Mais faut pas arrêter de bouger paraît-il. Oh que non sous peine de voir notre belle machine jusque là fidèle s'encroûter à tout jamais. N'empêche, c'est pas toujours le fun de continuer. Ça demande plus d'efforts, plus de résilience. Plus de "je vis un jour à la fois", puis plus de "je vis une minute à la fois". J'ai encore perdu quelque chose, c'est pas grave, il me reste ça. C'est moins beau que la chose perdue, c'est moins agréable, en fait, c'est autre chose. Pas celle que tu voulais ou que tu aimais. Non. Autre chose.

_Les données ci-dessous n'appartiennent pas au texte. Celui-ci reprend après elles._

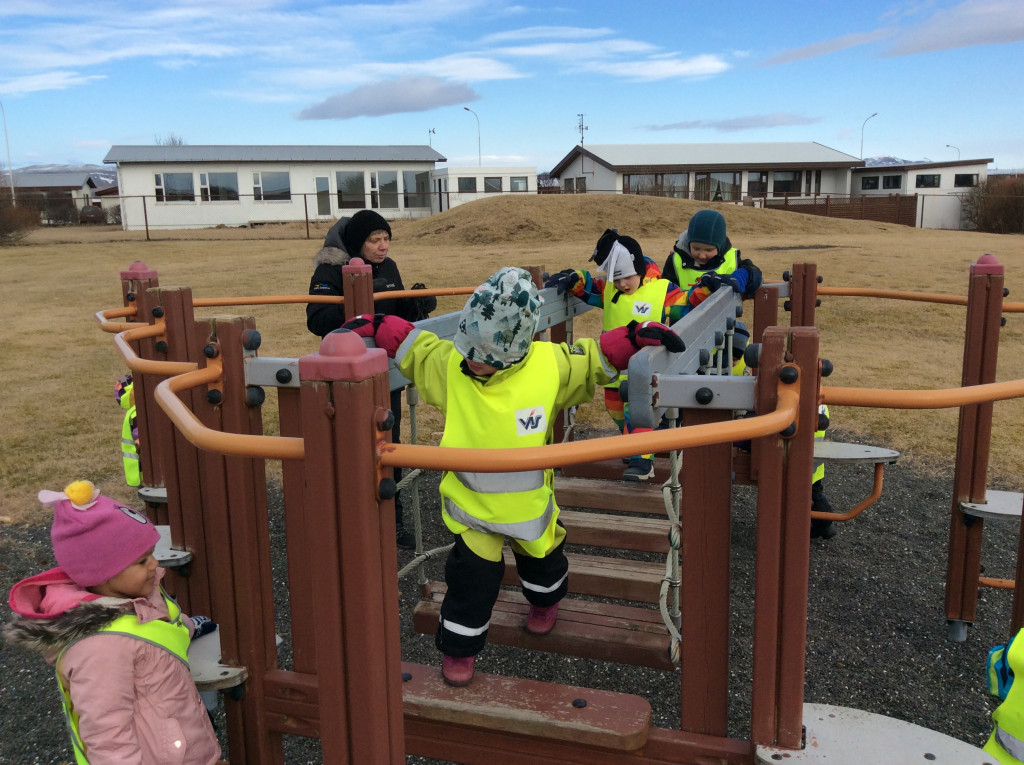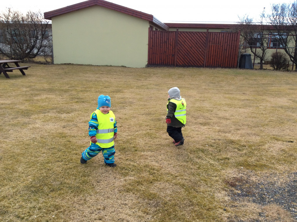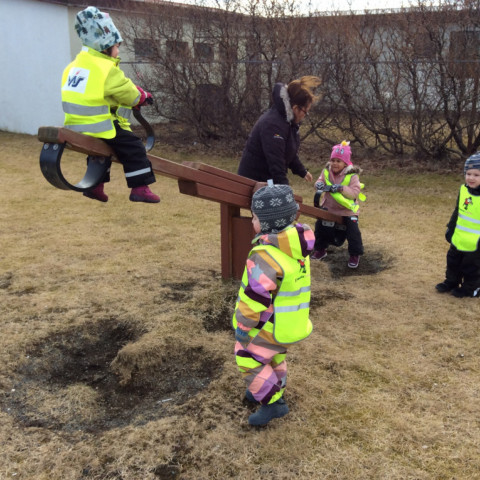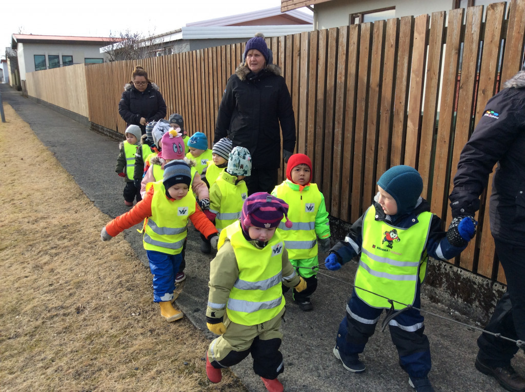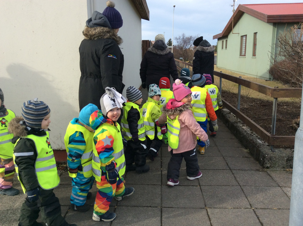 Í dag fórum við í göngutúr á Setbergsróló. Óskar, pabbi Kristins Reimars kom út á róló með stórann krabba og sýndi krökkunum. Við fengum að eiga krabbann og fórum með hann í leikskólann að sýna hinum krökkunum.

Je peux avoir l'air pessimiste comme ça (je sais c'est à s'y méprendre) mais je ne suis pas la seule à ne pas être toujours zen. Je viens de terminer le dernier recueil de Gilles Archambault, La candeur du patriarche où, dans une trentaine de récits, il aborde sa propre vieillesse. Il ne mâche pas ses mots. Il ne joue pas à l'idéaliste. Il présente sa réalité de vieillard de 89 ans telle qu'elle est, avec ses limites, ses pertes, ses deuils. Je crois que le sujet le préoccupe fortement car il a aussi écrit ces dernières années Mes débuts dans l'éternité et Il se fait tard. Les titres font foi de tout.

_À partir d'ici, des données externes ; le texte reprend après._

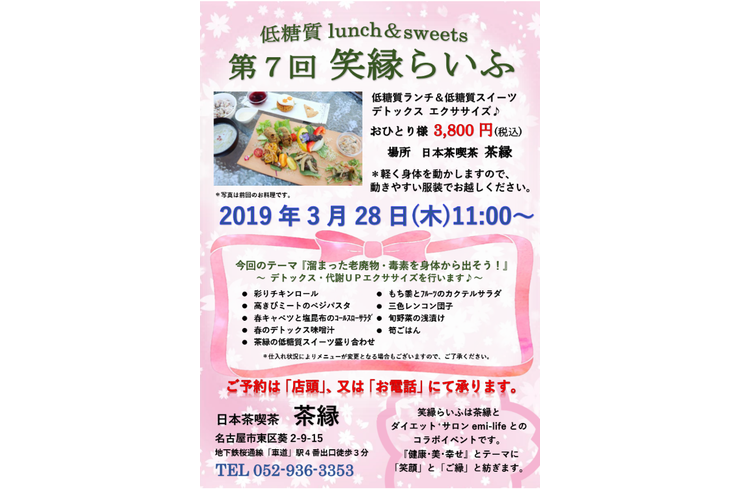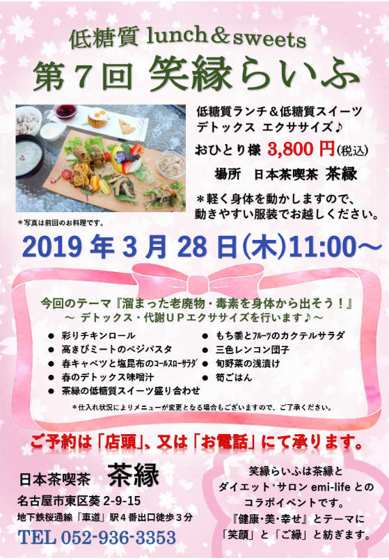 【イベント案内】”老廃物・毒素を出し切ろう!!” 第7回「笑縁らいふ」低糖質”デトックス”ランチ&代謝アップエクササイズ♪
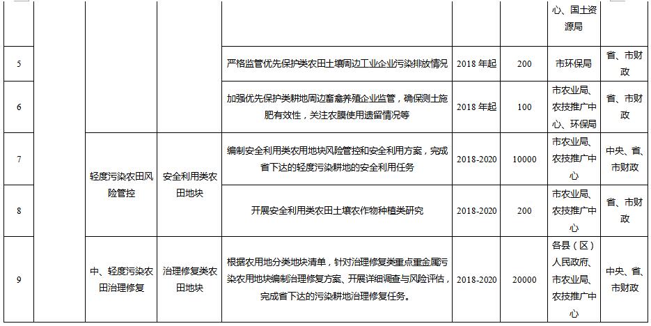 到2020年,受污染耕地安全利用率達到90%左右,污染地塊安全利用率達到90%以上,完成省級下達的污染耕地、污染地塊安全利用或治理修復任務(wù)。

"Mais pourquoi tu lis ça", vous entends-je crier? Parce que moi aussi cette question m'obsède. Moi aussi je cherche des réponses. Je me demande comment on fait pour vieillir en grâce et en sérénité. Comment on fait pour ne pas "rater sa sortie" comme M. Archambault se questionne. Je fais de l'anxiété depuis que j'ai découvert le monde. Et mon expérience des soixante-huit dernières années me confirme que rien ne va s'arranger. Mes peurs changent, mais elles demeurent. Tout comme M. Archambault, je ne crois pas que je vais acquérir plus de sagesse. On est comme on est jusqu'à la fin. On peut juste travailler à ce que ça fasse moins mal peut-être. Ou on arrive à enfin lâcher prise avant qu'il ne soit trop tard???

Alors, sur ces paroles encourageantes, je me souhaite de continuer à prendre soin de moi, de mon corps, de ma tête et de mon âme. Qui sait, peut-être que ma nouvelle tête sera pas si mal après tout. Justement je vais chez le coiffeur aujourd'hui. À plus!!